By analyzing existing cross correlation between Imperial Oil and Ecopetrol SA ADR, you can compare the effects of market volatilities on Imperial Oil and Ecopetrol and check how they will diversify away market risk if combined in the same portfolio for a given time horizon. You can also utilize pair trading strategies of matching a long position in Imperial Oil with a short position of Ecopetrol. Check out your portfolio center. Please also check ongoing floating volatility patterns of Imperial Oil and Ecopetrol.

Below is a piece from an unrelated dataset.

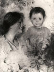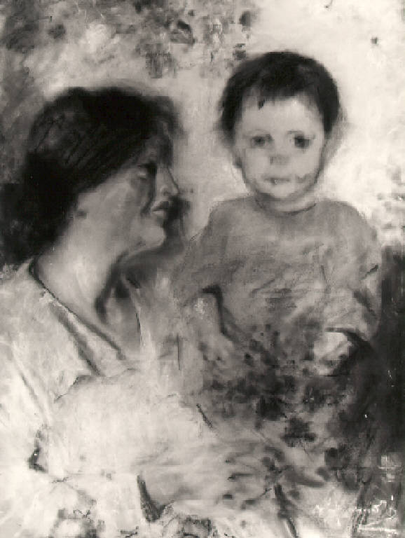 Donna posta di tre quarti, con i capelli raccolti sulla nuca, tiene in braccio una bimba vista frontalmente, con i capelli corti.
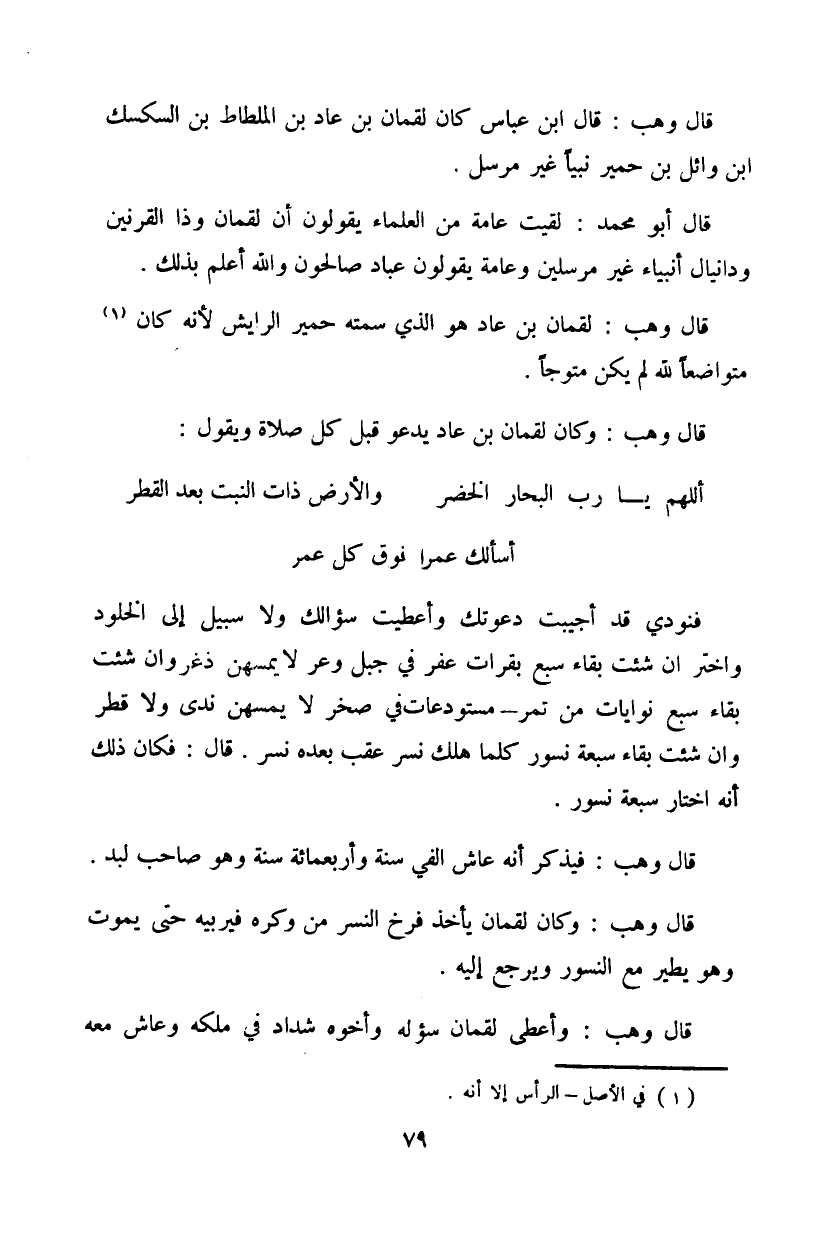 قال وهب: فيذكر إنه عاش ألفي سنة وأربعمائة سنة وهو صاحب لبد.

Diversification Opportunities for Imperial Oil and Ecopetrol

0.7
  Correlation Coefficient

Poor diversification

The 3 months correlation between Imperial and Ecopetrol is 0.7. Overlapping area represents the amount of risk that can be diversified away by holding Imperial Oil and Ecopetrol SA ADR in the same portfolio, assuming nothing else is changed. The correlation between historical prices or returns on Ecopetrol SA ADR and Imperial Oil is a relative statistical measure of the degree to which these equity instruments tend to move together. The correlation coefficient measures the extent to which returns on Imperial Oil are associated (or correlated) with Ecopetrol. Values of the correlation coefficient range from -1 to +1, where. The correlation of zero (0) is possible when the price movement of Ecopetrol SA ADR has no effect on the direction of Imperial Oil i.e., Imperial Oil and Ecopetrol go up and down completely randomly.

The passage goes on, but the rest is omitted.